Insoweit mit der Beweisrüge die erstgerichtliche Feststellung über den inländischen Marktanteil der klagenden Partei von 60 % angefochten werde, komme dieser Beurteilung keine entscheidungswesentliche Bedeutung zu.
Sei von einer Rückzahlungsverpflichtung der erstbeklagten Partei auszugehen, so treffe diese Verpflichtung auch die zweit- und drittbeklagte Partei, welche dieser Verbindlichkeit als Mitschuldner beigetreten seien. Wegen der Rechtswirksamkeit jener Vertragsbestimmungen, welche die Rückabwicklung im Fall der Beendigung des Vertrages regeln, komme den Fragen der Bereicherung keine entscheidungswesentliche Relevanz zu.

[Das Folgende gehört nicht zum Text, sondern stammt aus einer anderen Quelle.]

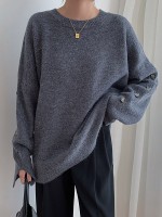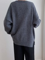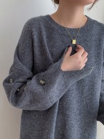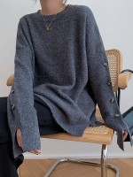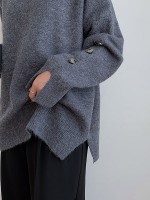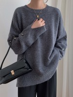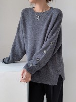 Gray Loose Slouchy Crew Neck Sweater With Button Decorations

Die Revision der zweit- und drittbeklagten Partei ist berechtigt, nicht hingegen ihr Rekurs gegen den Aufhebungsbeschluss.

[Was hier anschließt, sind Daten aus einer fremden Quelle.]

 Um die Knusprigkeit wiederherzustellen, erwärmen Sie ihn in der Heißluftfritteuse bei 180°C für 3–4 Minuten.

Getränkebezugsverträge, welche die Kriterien der Einzel- oder Gruppenfreistellung nicht erfüllen, können im Sinn des Art 81 EG (vormals Art 85 EGV) nichtig sein.
Der Europäische Gerichtshof hat im Zusammenhang mit der Beurteilung der Vereinbarkeit von Alleinbezugsverträgen für Bier mit Art 81 EG (Slg 1991 I 935 - Delimitis) den nationalen Markt für den Vertrieb von Bier in Gaststätten als sachlich und räumlich relevanten Markt bezeichnet und auf diesen abgestellt. Es entspricht ständiger Rechtsprechung, dass Urteile des Europäischen Gerichtshofs objektives Recht schaffen und die nationalen Gerichte auch in anderen als den Anlassfällen binden (SZ 69/56; ÖBl 1998, 250; ÖBl 1998, 344; WBl 2000/222).
Im vorliegenden Fall ist daher - wie schon in dem der Entscheidung WBl 2000/222 zugrundeliegenden Sachverhalt - der nationale Markt für den Vertrieb von Bier in Gaststätten relevant.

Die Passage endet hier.